"Dear Friend," he writes in the National Pro-Life Alliance's fundraising email pushing the Life at Conception Act.
Well, Dear Rand Paul and National Pro-Life Alliance:
The Life at Conception Act is a simple-minded and sectarian declaration reflecting a simple-minded religious outlook on a complex and divisive subject, and it will be resisted vigorously by those upon whom you pretend to foist it.
The Life at Conception Act says, with brevity matching substance, "... Congress hereby declares that the right to life guaranteed by the Constitution is vested in each human being. However, nothing in this Act shall be construed to require the prosecution of any woman for the death of her unborn child."
A Constitutional guarantee without a requirement for enforcement isn't a guarantee at all. It's a fraud, a lie.
The Act goes on, "For purposes of this Act:
(1) HUMAN PERSON; HUMAN BEING- The terms ‘human person’ and ‘human being’ include each and every member of the species homo sapiens at all stages of life, including the moment of fertilization, cloning, or other moment at which an individual member of the human species comes into being."
No. It's not like that. Declaring it so doesn't make it so, and your insistence is alienating.

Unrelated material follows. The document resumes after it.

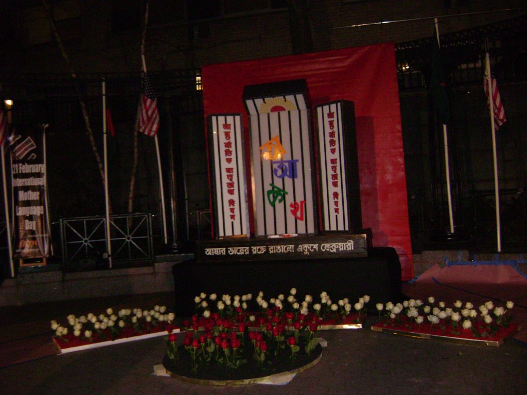 একুশের প্রথম প্রহর শনিবার দুপুর ১টায় জাতিসংঘের সামনে পুষ্পার্ঘ্য অর্পণ
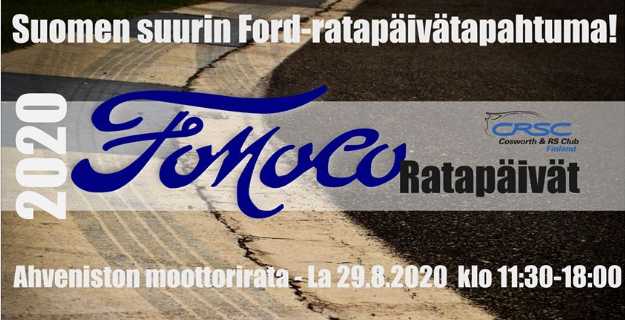 Kerhollemme jo perinteeksi yli 20 auton voimin muodostunut, Suomen suurin Ford-ratapäivätapahtuma, FoMoCo-päivä, järjestetään perinteiseen tapaan Ahveniston moottoriradalla Hämeenlinnassa La 29.8.2020 klo 11.30 alkaen. Tiedossa rata-ajoa, sprintti-kisa, rajoitetun nopeuden ajo sekä hienoimman Fordin yleisöäänestys.

Don't push your religion on the unwilling. You risk a backlash. Convert the unwilling if you can, but don't use the power of the State in a vacuous power play like the Life at Conception Act. Have some respect!
29 comments:
The fact that a human being is conceived at the moment of conception is a biological fact which no scientist refutes. It is not a religious fact.
"Intelligent Design" has nothing to with religion either, right?

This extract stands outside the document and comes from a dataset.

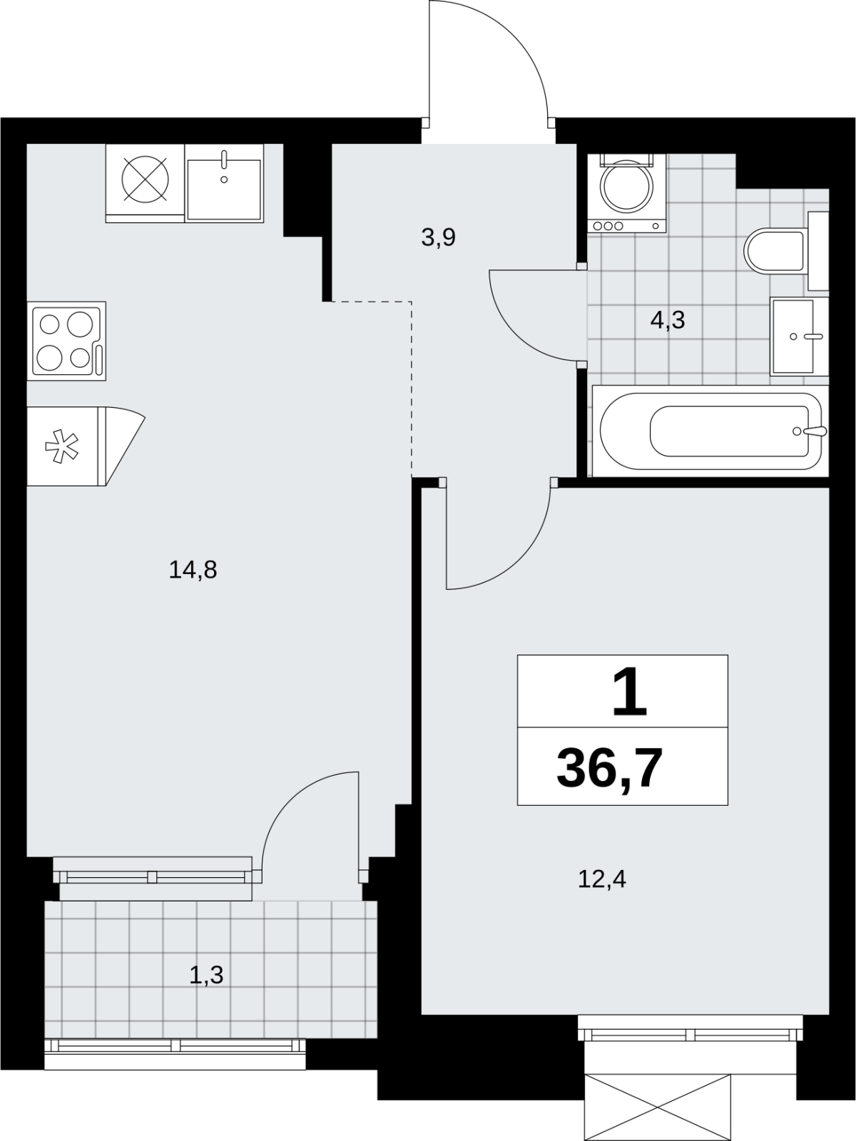 Продается однокомнатная квартира с отделкой в новостройке, метро рядом 1-комн. квартира от застройщика с отделкой в ЖК "Прокшино" на 13 этаже. Общая площадь: 36.7 кв.м., жилая: 12.4 кв.м., площадь просторной кухни-столовой: 14.8 кв.м. Все окна выходят на одну сторону. В квартире одна лоджия, один совмещенный санузел. Высота потолков 2.95 м. Квартира находится в корпусе 9.3. Дом монолитный, одноподъездный, высотой 19 этажей. На этаже 9 квартир. В подъезде 1 пассажирский и 1 грузовой лифт. Начало строительства - 3 квартал 2025 года. Окончание строительства - 4 квартал 2027 года. Оформление сделки по договору долевого участия. В шаговой доступности от жилого комплекса находятся станции метро (расстояние по прямой): «Филатов луг» (1.4 км), «Прокшино» (1.7 км), также недалеко от этого корпуса находятся станции метро: «Саларьево», «Румянцево», «Теплый стан». ЖК «Прокшино» расположен в 7,6 км от МКАД в Новой Москве. В 8 минутах пешком находится станция метро "Прокшино" быстрой и комфортной красной линии метро. Высокую транспортную доступность обеспечивают и два крупных шоссе, до которых легко доехать за 5 минут по новой скоростной автотрассе Солнцево – Бутово – Варшавское шоссе. Жилой комплекс "Прокшино" входит в кластер Прокшино. В районе появятся дома комфорт и бизнес-класса с подземным паркингом, закрытыми благоустроенными дворами без машин, местами для активного и созерцательного отдыха, магазинами, бытовыми сервисами и другими коммерческими объектами. Рядом пруд с собственной набережной и городской парк «Хованская дубрава». Для маленьких жителей построят детские сады, образовательный комплекс. (AQID02509360)

You think Terri Schiavo was killed by removal of the feeding tube. Am I right?
Of course it's a religious issue.
http://www.youtube.com/watch?v=2MfHRlj3tO4
Brenda, the video you linked is an emotional and religious appeal, and it won't sway anyone. In fact, it'll alienate some of your audience.
Nobody is saying you must have an abortion, just that you may not impose your way based on emotions and your religious makeup.
Your and Rand Paul's approach to the problem is divisive and disrespectful. If you discarded the urge to dominance, I'm sure we could get most of the way each of us wants. Not everything, but most of it.
It has to be based on positions we share, though. Divisive tactics like this ridiculous Life at Conception Act don't build bridges, they tear them down.
blacknwhite, who said anything about aborting viable anything? My post was about the so-called Life at Conception Act, with which I vehemently disagree for the reasons I gave.
Steve, this issue is "black and white". Life at conception is the truth, to disagree is the lie. We are all different sizes and in different stages of development from the moment of our conception. Humans do not have the right to kill other humans because they are physically smaller. It IS more clear and simple than you want to believe. You want to make it "complex" because you think that gives you the right to kill, when someone else (the unborn) is inconvenient for you.
Eric
No Eric, it is not "black and white".
By your definition, a severed finger is a human being. The severed finger and the blastocyst both contain blueprints for a human being, but that doesn't mean either of them is one.
The only way your definition makes any sense is if you assume the presence of a supernatural soul implanted at conception, and which exists independent of the flesh. That is a religious idea that some find without merit. The so-called life at conception act is religious in nature, and has no place in the law of a secular society.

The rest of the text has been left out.